Прибывшие подошли к Богданову и поздоровались с ним за руку.
- Комиссия, что ли, какая? - спросил Харитон.
- Комиссия не комиссия, а что-то вроде этого, - ответил парторг.
- Ступайте пока к костру, погрейтесь у огонька, а я тем временем воз разделаю, - и Богданов дал команду раскатывать хлысты по эстакаде.
Чибисов вспылил.
- Богданов, вернись! - крикнул он, с неприязнью оглядывая широкую спину Харитона. - Вернись, тебе говорят!
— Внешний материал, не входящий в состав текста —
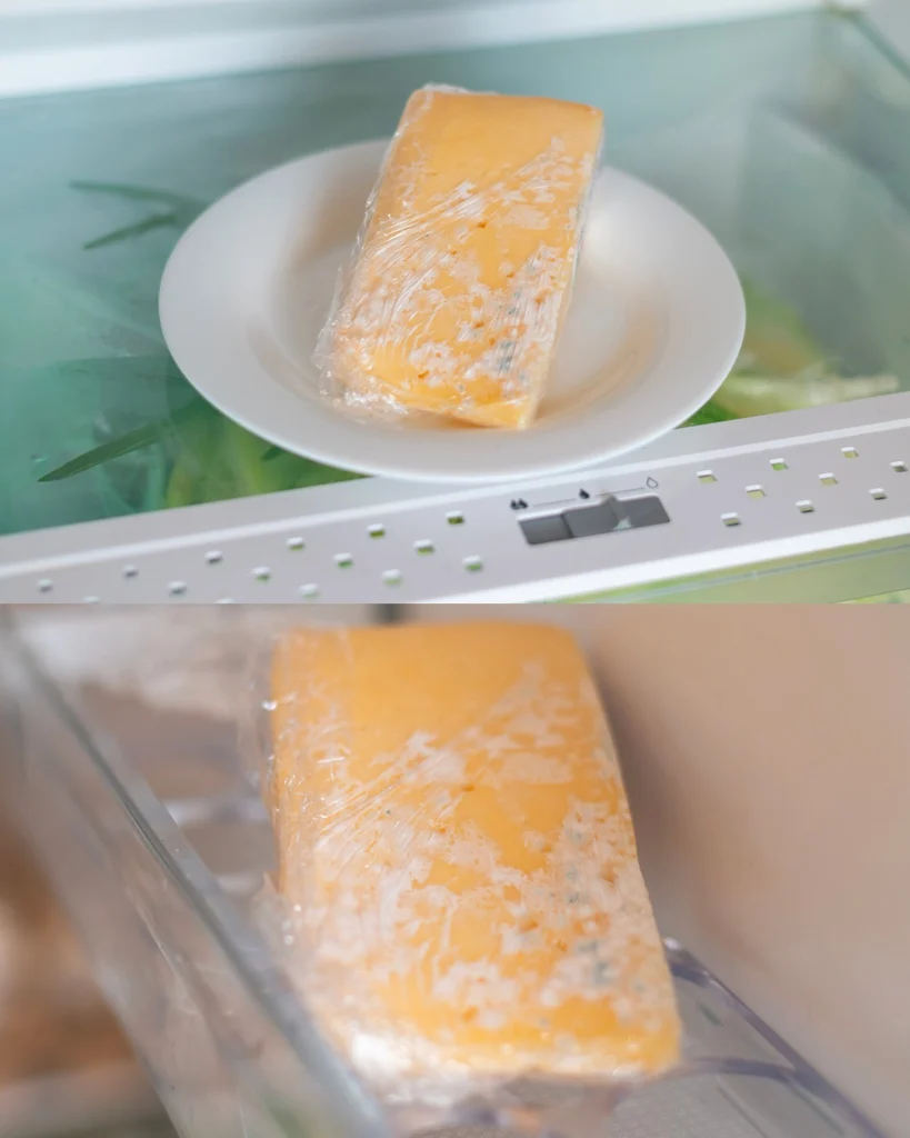 - Verandering van smaak : Als kaas goed wordt afgesloten, kan het een onaangename smaak ontwikkelen en geuren van andere voedingsmiddelen in de koelkast absorberen.

Богданов остановился, вполоборота обернулся:
- Ну, что?
- Айда сюда! Мы не в бирюльки играть с тобой приехали. После разделаешь воз.
- А кто мне за простой заплатит?
- Пушкин.
- Кто?
- Пушкин, был такой "щедрый" человек.
К Чибисову подошел Березин и тихо, внушительно сказал:
- Ты брось пушки-то отливать. Так всю обедню испортишь. Разве не знаешь характер Богданова?
- Очень даже знаю, терпеть не могу его упрямства.
- А ты терпи, терпи. Ты начальник. Тебе по штату положены выдержка и самообладание. Если не можешь с людьми по-человечески разговаривать, так помалкивай.
И, обращаясь к Харитону, сказал примиряюще:
- Бригада пусть разделывает хлысты, а сам-то ты иди сюда, да побыстрей - проведем маленькое совещание.
Богданов нехотя подошел.
- Дело к тебе есть серьезное, - продолжал парторг. - Идем, посидим вон на бревнышке. - Взял Богданова под руку и повел к штабелю. Остальные последовали за ними.
- Садись, Харитон Клавдиевич! Закуривай, если куришь.
- Не курю и другим не советую.
Богданов достал из кармана беленькую таблетку и сунул в рот.
- Ты, Харитон, распорядками в лесосеках недоволен, - начал Березин. - Ермаков лесу навалил - тебе его за месяц не разделать, а ты жалуешься на простои. От непорядка тут страдаешь ты, а строители где-нибудь на Каме, на Волге нелестно отзываются о лесорубах. Подумали мы, раскинули умом, как выйти из этого положения. Находчивей всех нас оказался Сергей Ермаков, вот познакомьтесь с ним поближе, может, от одной краюхи питаться станете.
- Как это от одной?
- Слушай дальше. Ермаков предлагает организовать в лесу комплексную бригаду. В этой бригаде должно быть объединено четыре звена: вальщики, обрубщики, трелевщики и разделочная эстакада. Все работают сообща, весь заработок поступает в общий котел, начисляться он будет уже за готовую древесину, выложенную вот в эти штабеля. Ваше звено станет конечным, я бы сказал, главным. Чем больше сделаете вы, тем больше заработает вся бригада. Понятно?
- Выходит, мы будем уже не бригада, а только звено, а у нашего звена будут сидеть на шее нахлебники из других звеньев? Покорно благодарю за такое предложение! Ищите дураков в другом месте.
- Погоди, Харитон Клавдиевич! Какой ты ершистый. Никаких у тебя нахлебников не будет. Наоборот, все будут стараться работать на тебя, чтобы ты больше сделал. А заработок, какой они получают теперь особо за валку, раскряжевку и повозку леса, весь пойдет в общую кассу, а потом будет распределяться в зависимости от того, кто что делает. Подробно об этом расскажет вот этот конторский человек. У него все карты в руках.
- При общем-то котле вольготно станет лодырям, - нахмурился Богданов. - В бригаде будет до трех десятков человек, разве бригадир усмотрит за всеми?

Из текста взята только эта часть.